Let's use the substitution \(u=y\) and \(v=\frac{dy}{dt}\) for the given equation. Our aim is to rewrite the differential equation in terms of \(u\) and \(v\).

Since we know \(v=\frac{dy}{dt}\), this also means that \(\frac{dv}{dt}=\frac{d^2y}{dt^2}\). Now, we can rewrite the given differential equation: \(\frac{d^2y}{dt^2} + 6\frac{dy}{dt} + 9y = 0 \) as \(\frac{dv}{dt} + 6v + 9u = 0\)

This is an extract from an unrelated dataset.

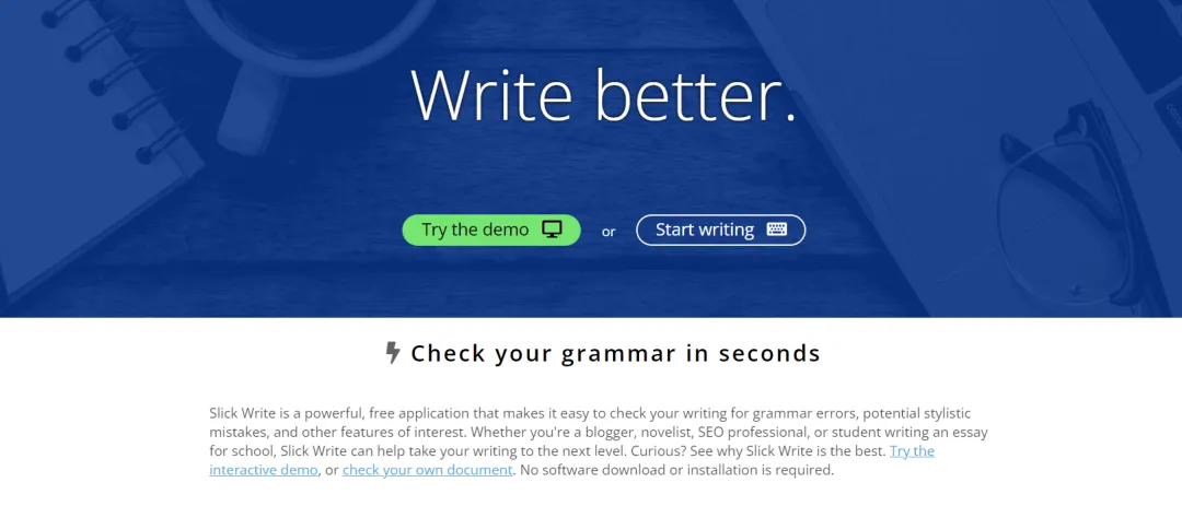 Slick Write主打基础文字筛查服务,适配AI论文写作与AI写论文的内容自查步骤,起到论文辅助作用。逐段检测语句搭配与基础用词,排查浅显书写问题,提升AI生成论文的完整度,降低学术写作的基础失误概率。

Now we can write the first-order system by finding the corresponding differential equations for \(u\) and \(v\). We have: 1. \(\frac{du}{dt} = v\) (since by definition \(u = y\), from the substitution rule) 2. Rearrange \( \frac{dv}{dt} + 6v + 9u = 0\) to get \(\frac{dv}{dt} = -6v - 9u\) Thus, we have the first-order system: \(\begin{cases} \frac{du}{dt} = v \\ \frac{dv}{dt} = -6v - 9u \end{cases}\)

Now that we have the first-order system, let’s analyze the phase portrait. To do this, we will look at the nullclines, which are the curves in the \(u-v\) plane where the derivatives are zero. 1. When \(\frac{du}{dt} = 0\), we have \(v = 0\). This means our u-nullcline is a horizontal line through the v-axis at v=0. 2. When \(\frac{dv}{dt} = 0\), we have \(-6v - 9u = 0\), which simplifies to \(v = -\frac{3}{2}u\). This is our v-nullcline, which is a line passing through the origin with a slope of -3/2. By analyzing the slopes of the first-order differential equations in each of the four regions separated by the nullclines, we can determine the direction field and the behavior of the trajectories. Combining this information, we can sketch the phase portrait of the system. For this particular system, it turns out the origin (0,0) is a stable node, and all trajectories tend towards it in the long run.